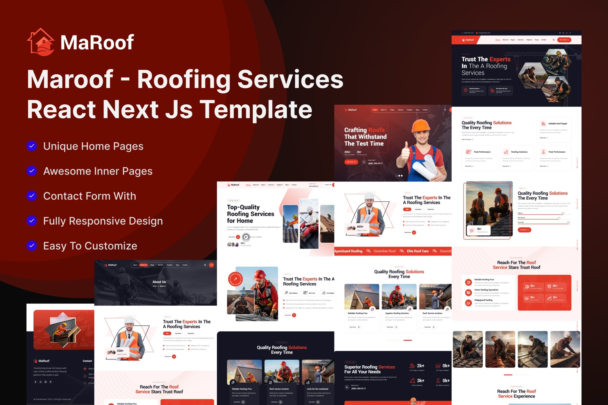 Introducing Maroof – a top-notch React Next Js template tailored for roofing services, construction, and more. With a plethora of features like industrial roofing, installation, repair, and maintenance services, Maroof stands out as a comprehensive roofing solution. The template boasts a sleek design with 04 homepage layouts, 20+ PHP files, and full responsiveness. It is built on Bootstrap 5.x, ensuring a modern and clean look that is easy to customize. Other highlights include SEO optimization, Google Maps integration, and 24/7 support. With Maroof, you get a fully-equipped template that is perfect for any roofing company looking to enhance their online presence.
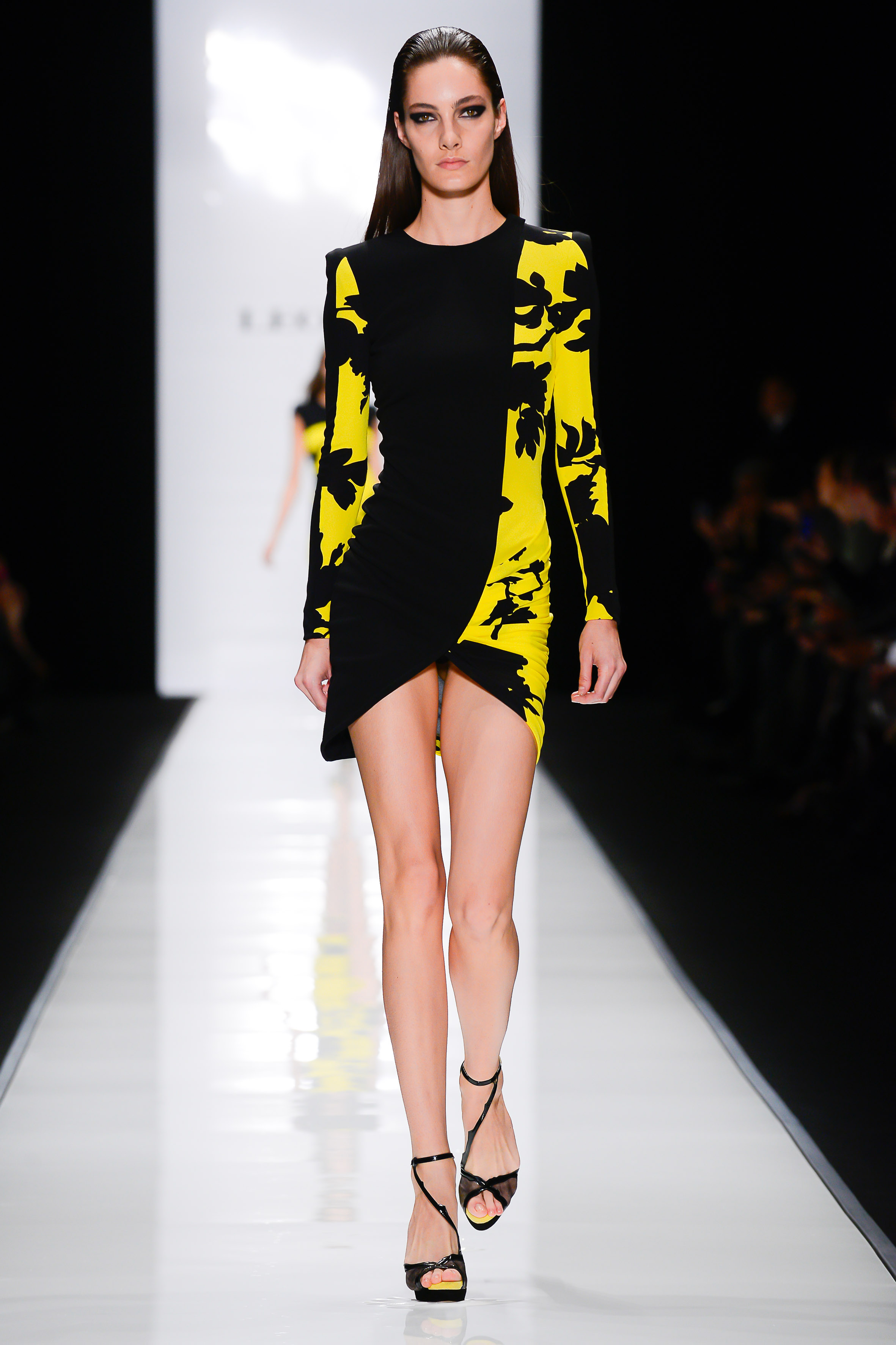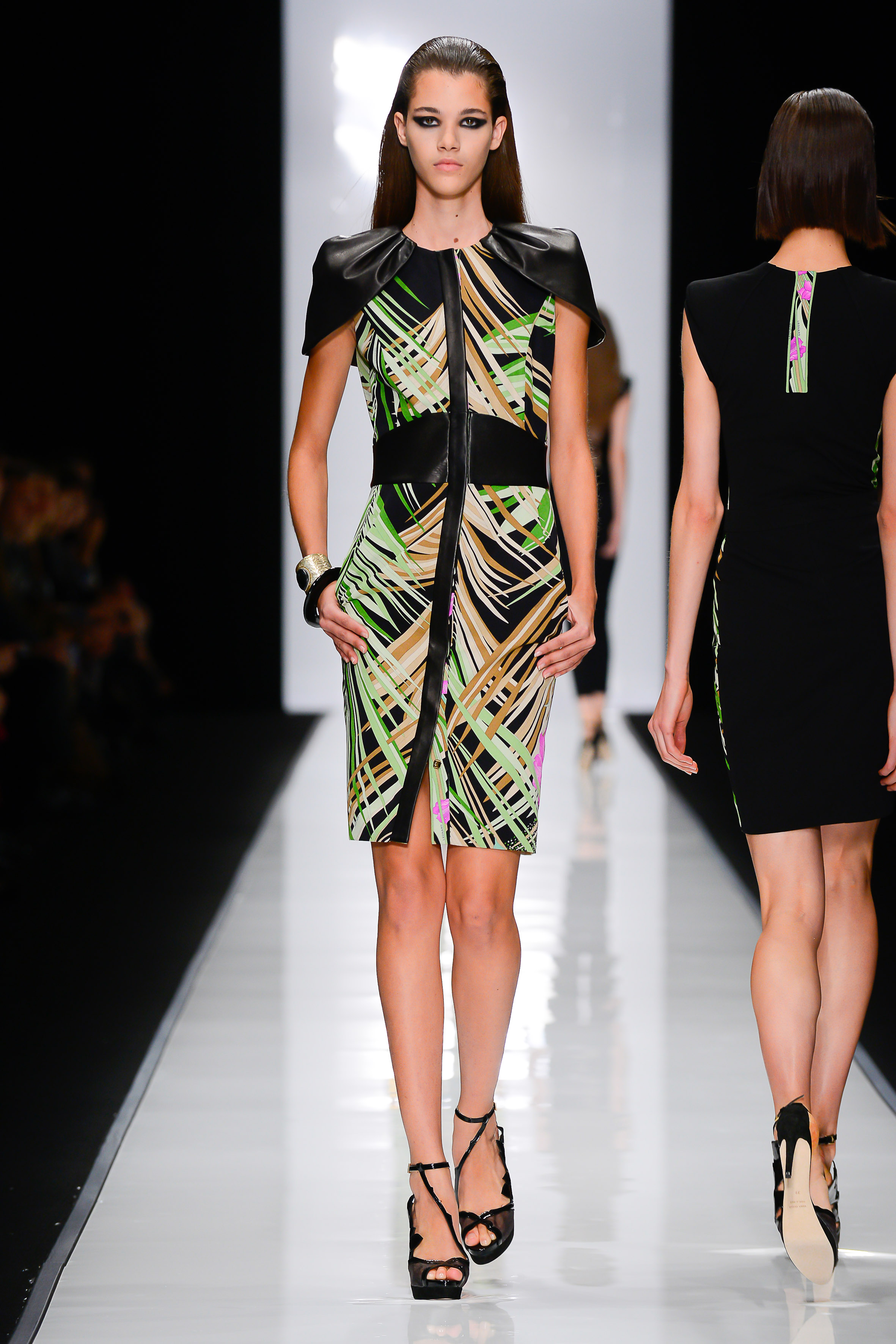 Tandis que la silhouette gagne en tension : moins de flou, plus de structure par la grâce d’épaulettes pagodes ou d’empiècements de cuir, les matières et traitements se diversifient (cuir découpé au laser sur fond d’organza, double georgette imprimée au ressort incroyable, soie laquée, jersey de soie contrecollé dense…). L’esthétique sharp de la jet-set des années 60’s-70’s, photographiée par Slim Aarons, a inspiré cette collection mais laisse parfois place à une poésie rafraichissante faite de petites robes drapées imprimées sur fond blanc, presque juvéniles, et de plissés « bijou » d’une délicatesse extrême. Le jour, les couleurs claquent, jaillissent, brûlent comme sous le soleil de midi. Le soir, elles fondent en corail fané, menthe douce, rose pâle doux comme un pétale, pour envahir de longues robes d’organza aux motifs floraux originaux.
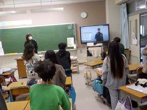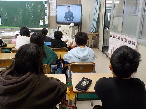テレビ朝礼の様子です。まずは元気よく校歌を歌いました。生徒指導の先生からは、学校での生活についてのお話がありました。
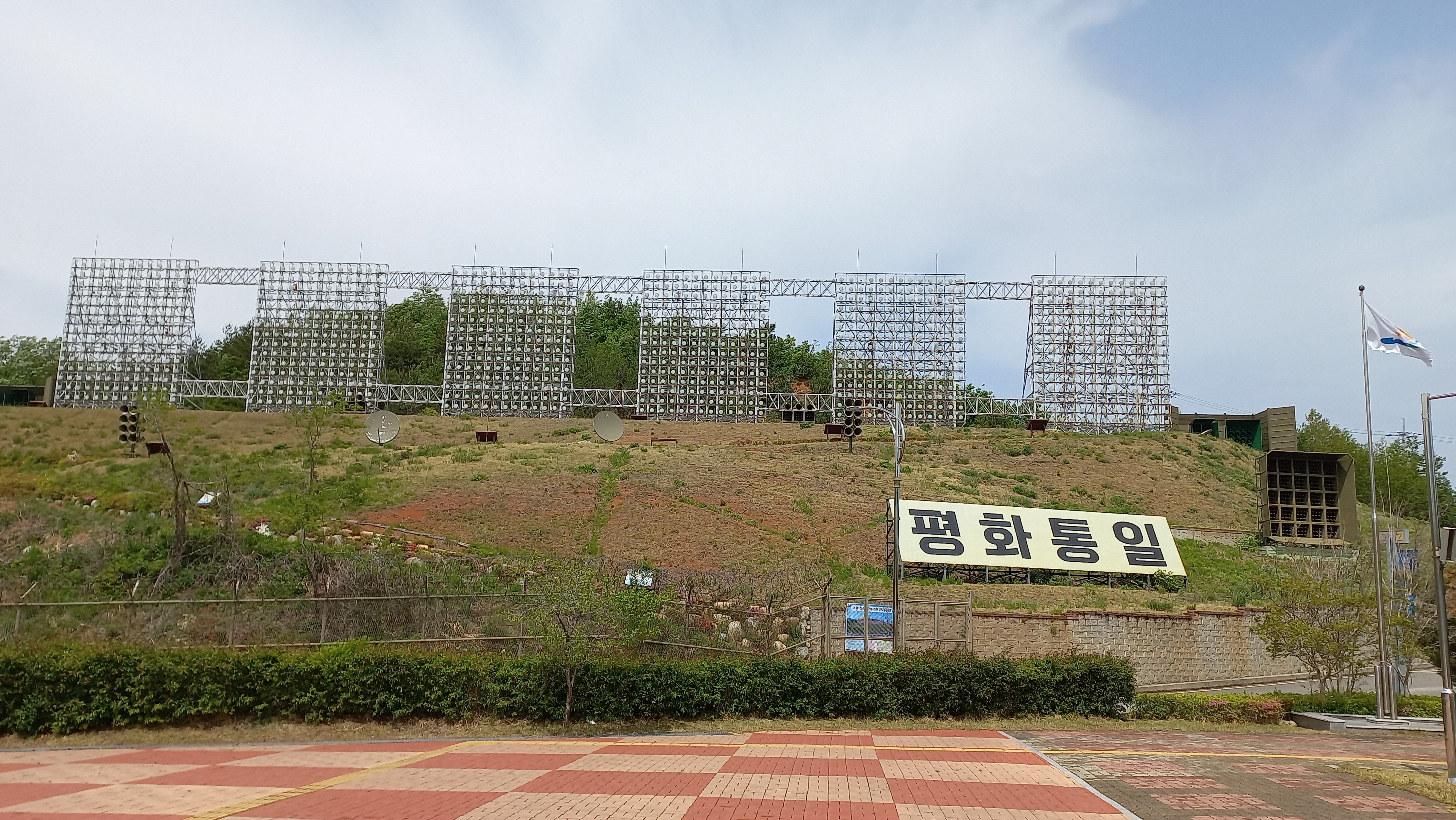 DMZ 박물관 외부에는 대북심리전 확성기와 전광판이 설치되어 있습니다.

○ ○ ○ ○ ○ ○ ○

**What you have to do**
Take the lines from the one that contains "テレビ朝礼の様子です。まずは" down to the last line of the listing above, both included, and set them down exactly, leaving out pictures.

**Answer for this exercise**
テレビ朝礼の様子です。まずは元気よく校歌を歌いました。生徒指導の先生からは、学校での生活についてのお話がありました。
 DMZ 박물관 외부에는 대북심리전 확성기와 전광판이 설치되어 있습니다.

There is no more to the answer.